Palliative care is a type of specialty care. It focuses on improving quality of life for people with serious illnesses. Your primary care doctor and other palliative care team members work together to coordinate your care. Palliative care also helps ensure that your care controls symptoms like pain, and that it helps with all physical, mental, emotional, and spiritual needs.With palliative care, you can receive support in managing serious chronic illnesses such as:
- Heart disease
- Amyotrophic lateral sclerosis (ALS)
- Cystic fibrosis
- End-stage liver disease
- Kidney failure
- Lung disease
- Parkinson's disease
It is provided by a trained team of physicians, nurses and other providers such as social workers, spiritual advisors, and trained volunteers. The palliative team also makes sure that patients and their families have input in the direction of their care, and that the forms of treatment match their personal goals.
The Objectives of Palliative Care
Palliative care works to:
- Maximize quality of life.
- Provide relief from pain and other physical symptoms.
- Provide emotional, psychosocial and spiritual care.
- Provide support, aid and education to the family and caregivers for the duration of the patient’s illness.
Palliative Care Misconceptions
Palliative care is often misunderstood , with many believing that it is only for those living with a late stage or terminal illness, or that it is the same or similar to hospice care.
While palliative care is a part of hospice care, the treatments and supports that palliative care focuses on can be provided along with the treatment of any serious or advanced illness. This is best started at the time a person receives a diagnosis.
Unlike hospice, palliative care can be put in place at any stage of an illness, is not based on prognosis, and can be received even if your treatment is intended to cure your condition.
With the support of palliative care, patients may actually go on to feel better, continue performing activities of daily living, resume or continue working, and, depending upon the illness, potentially even recover.
During this time, if the palliative care team or the patient’s physician determines that the ongoing treatment is no longer controlling the illness, a transition to hospice care may be an option for the patient. This means that:
- A doctor certifies the patient’s lifespan is limited to 6 months or less.
- The care team places a heavier emphasis on comfort care.
Where is Palliative Care Provided?
Care teams may provide palliative support in different settings based on the patient’s desires and specific medical needs. These may include:
- Specialized clinics
- Hospice programs
- Nursing homes
- In the patient's home or the home of a family member
In many cases, patients or their family members decide to receive palliative care in the patient’s home. This way, the patient can get the highest level of support and medical care while surrounded by loved ones in the comfort of their own home.

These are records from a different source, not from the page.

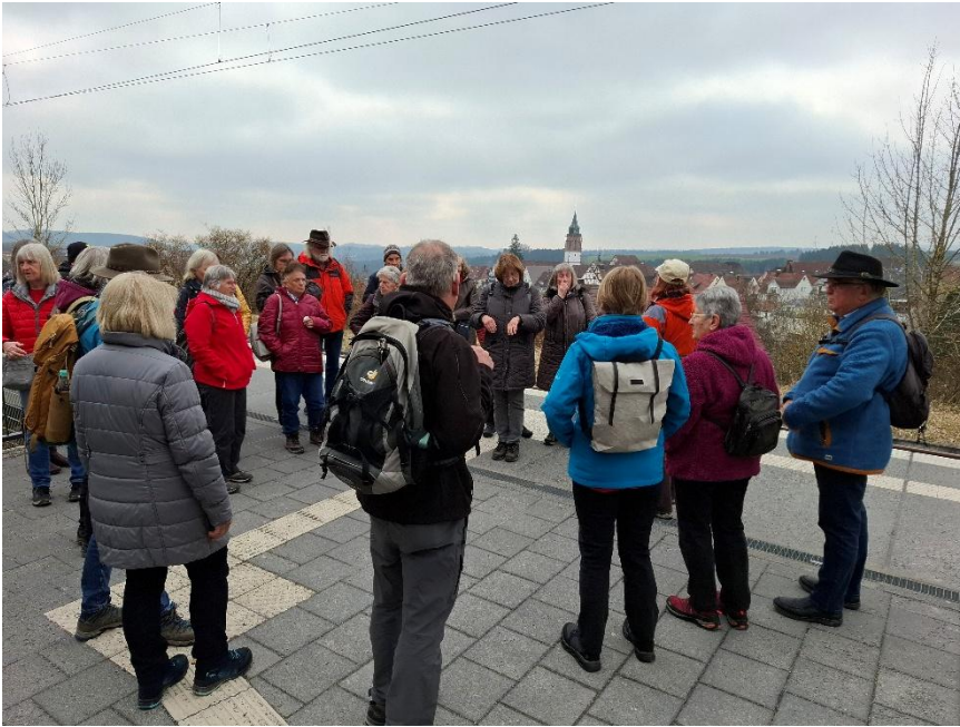
Am Bahnhof in Dornstetten
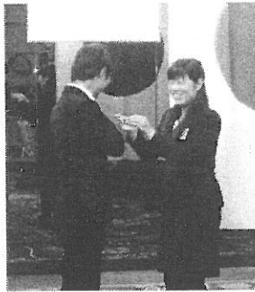
アクト入会式の様子。会長より アクトバッジが贈られました
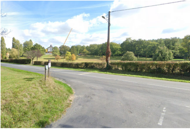
Etape 5 : Prendre à gauche et continuer sur 220m.
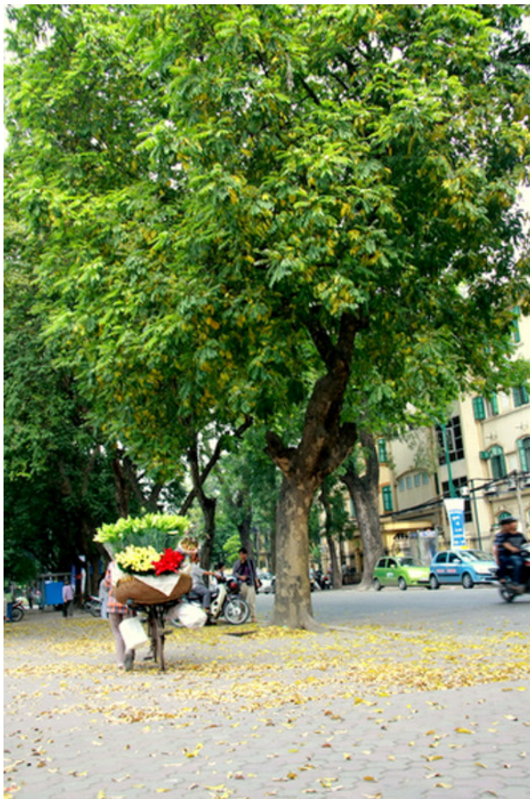
Khi cái nắng sớm của mùa Hạ vừa đến, là lúc những cây sấu già bắt đầu thay lá

Mùa lá bay nhanh lắm, chỉ dăm ba ngày thôi, khi người ta còn chưa kịp xao xuyến thì mùa lá đã bay đi để lại bao nuối tiếc.
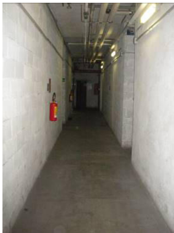
Fotografie 37-38 – Corridoi cantine.
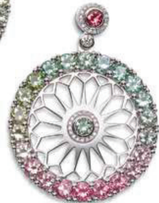
Beyer Ohrhänger Maya 72 Brillanten 0,115 ct. Pavé E/F if-vvs 48 Turmaline 8,6 ct. im Farbverlauf. Weissgold, CHF 23'600
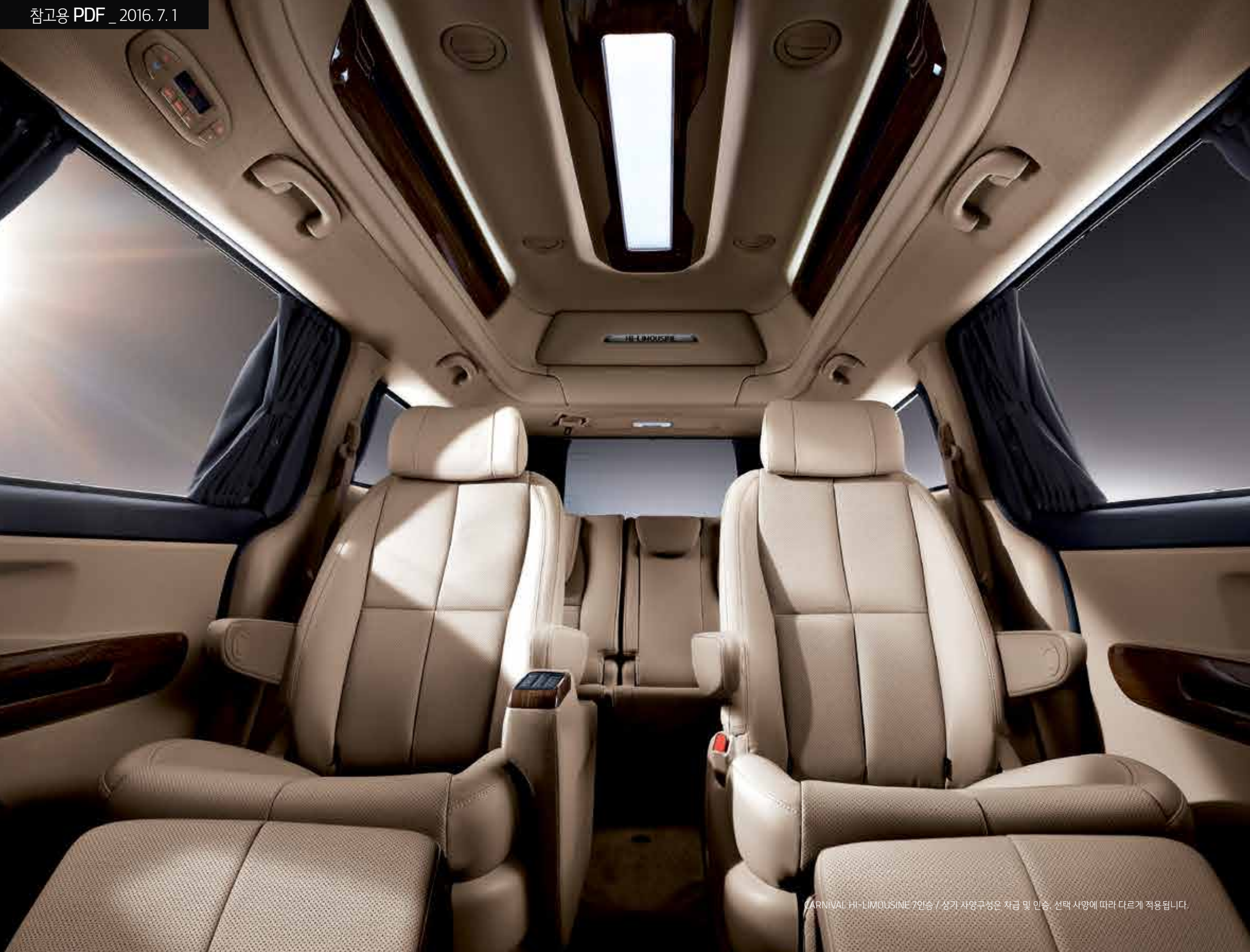
CARNIVAL HI-LIMOUSINE 2인승 / 상가 사양구성은 차급 및 인승, 선택 사양에 따라 다르게 적용됩니다.
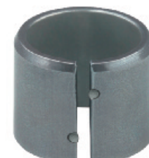
EGPN / EGPNG* Натяжная втулка с прессовой посадкой и выступами
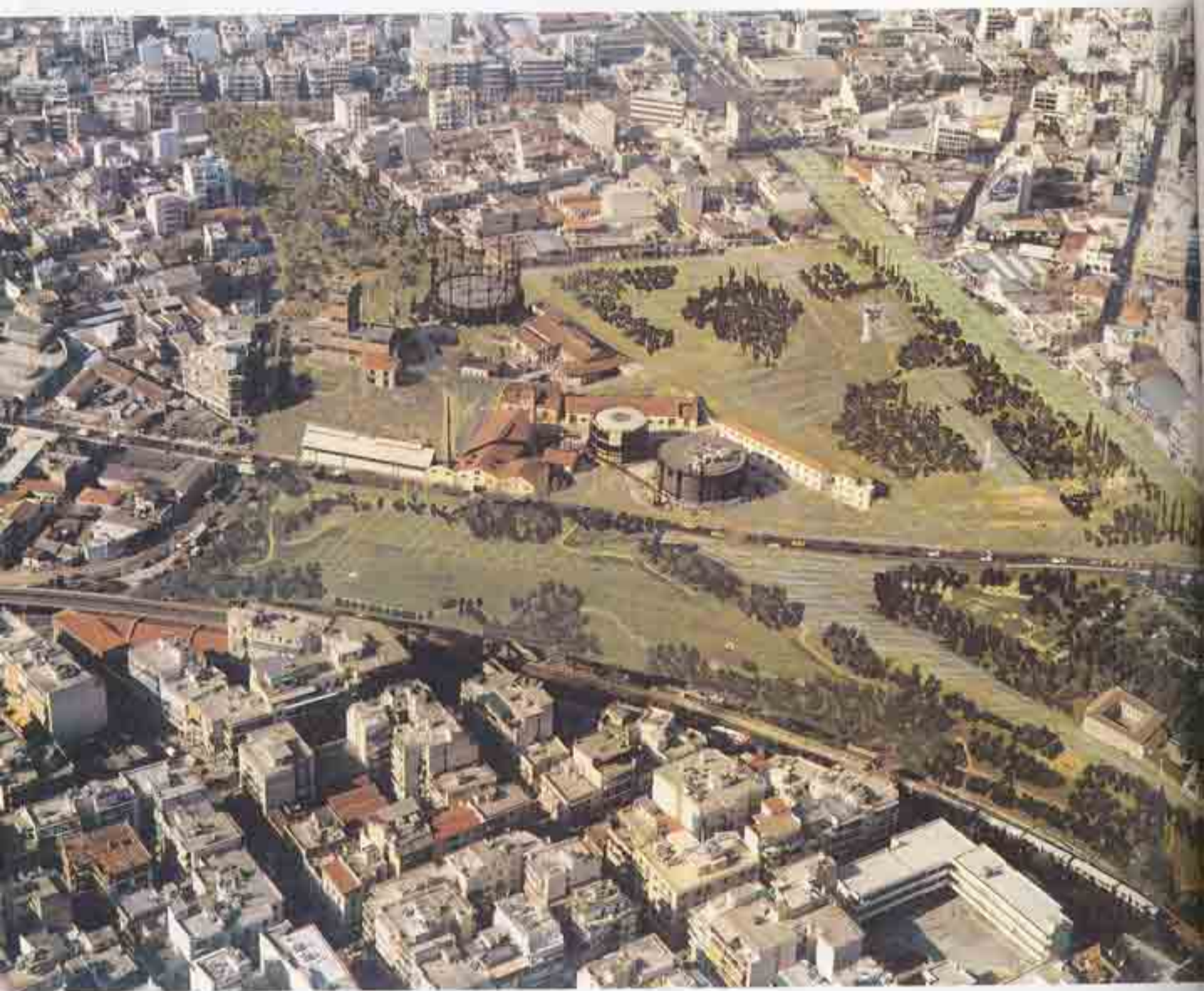
Η περιοχή του Κεραμεικού όπως προκειται να διαμορφωθεί.
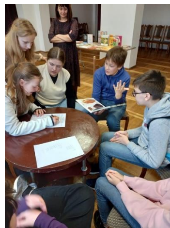
Attēlos – Brocēnu vidusskolas 6.a un 6.b klases skolēni izspēlē spēles “Baltā Vilka cirks” un “Medības pa enciklopēdijām”
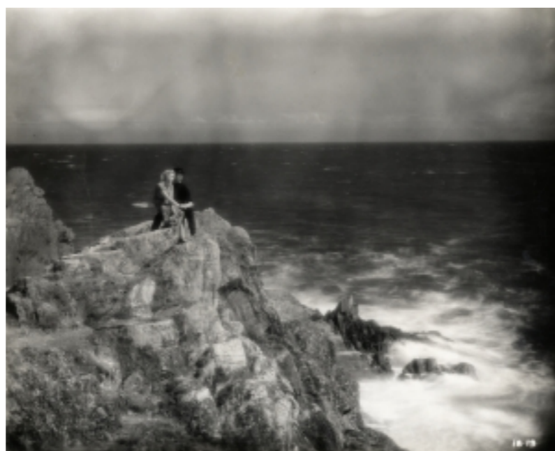
The man Xman
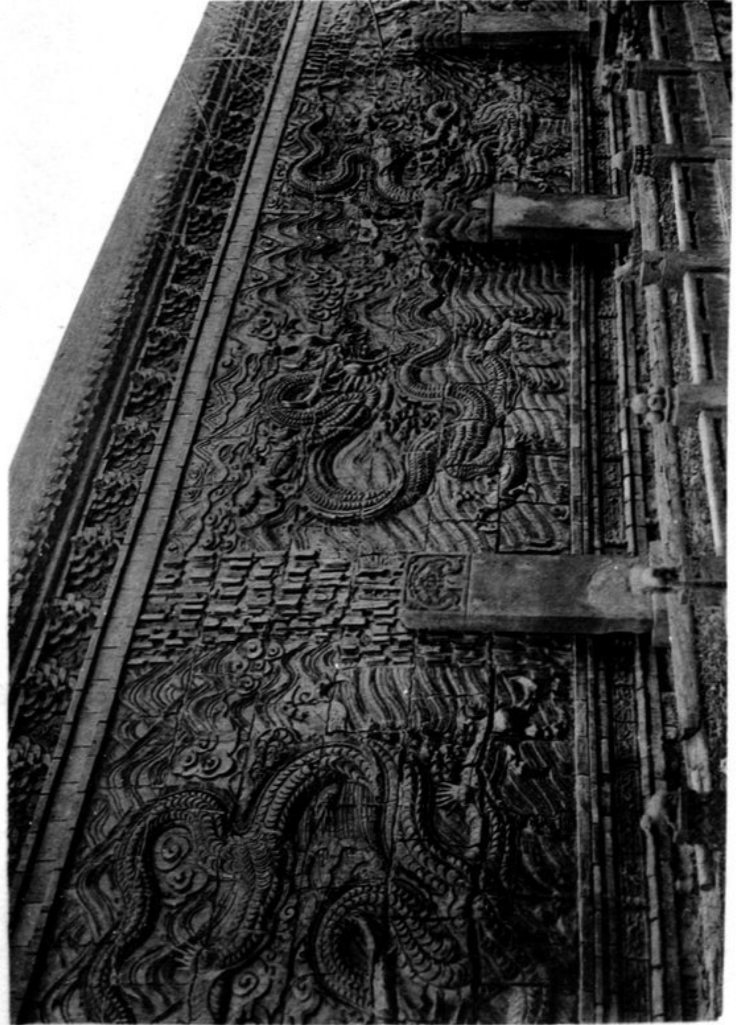
N° 1132 Ta-Tong fou Mur en briques vernissées à l'intérieur de la ville
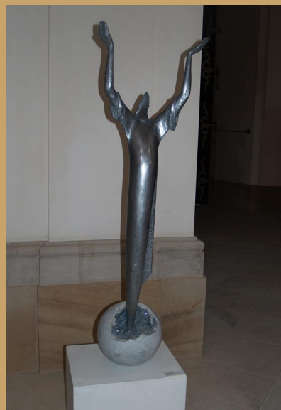
František Bálek, Oroduj za nás, 2013, výška 120 cm, komb. technika

PODĚKOVÁNÍ MĚSTU PLZNI, ODBORU KULTURY MMP ZA POROZUMĚNÍ A PODPORU LETNIC UMĚLCŮ 2014
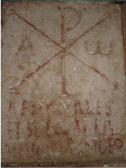
Civaux, église des Saints-Gervais-et-Protais, inscription trouvée en remploi dans le mur extérieur du chevet de l'église.
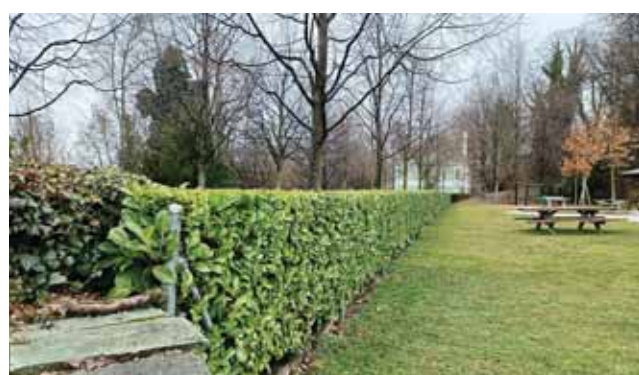
A la Promenade Dentan, les arbustes exotiques...
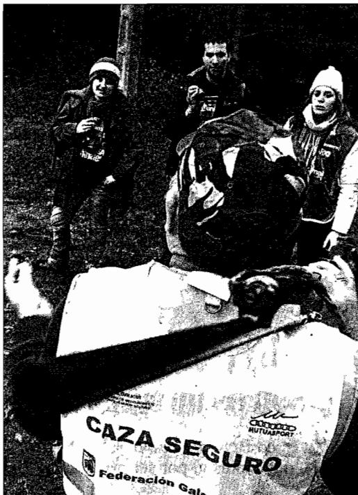
Uno cazador, hablando con tres ecologistas.

Varios agentes participaron en las tareas de vigilancia para mantener separados a cazadores y grupos ecologistas. El campeonato discurre en los alrededores, en unas 100.000 hectáreas de monte de los municipios de Guntín, Taboada, Portomarín, Paradela, Sarria, Lugo, O Corgo y Monterroso, respaldada por la Federación Gallega de Caza, que asegura que en Galicia hay un exceso de zorros. El presidente de la citada Federación, José María Gómez Cortón, alegó que en Galicia hay 2,7 zorros por kilómetro cuadrado, cuando las organizaciones europeas defensoras de la fauna salvaje señalan que ese índice no debería superar 0,7 animales

How Palliative Care Helps Patients
Palliative care addresses many possible services for both patients and their caregivers as their illness or palliative care needs change. These are some ways palliative care helps patients:
Creating the Right Care Plan
The patient, their loved ones and their health care team work together to develop a plan of care that focuses on the patient's quality of life. It should be flexible to provide the right care as the illness changes.
Support, Guidance and Advice
Palliative care services include help navigating the many difficult decisions patients and their families may face when dealing with a serious illness. Palliative care team members help patients and families deal with stress, spiritual questions, financial concerns, and bereavement and coping skills. They will offer guidance, support and connection with necessary community resources to help everyone involved in this journey.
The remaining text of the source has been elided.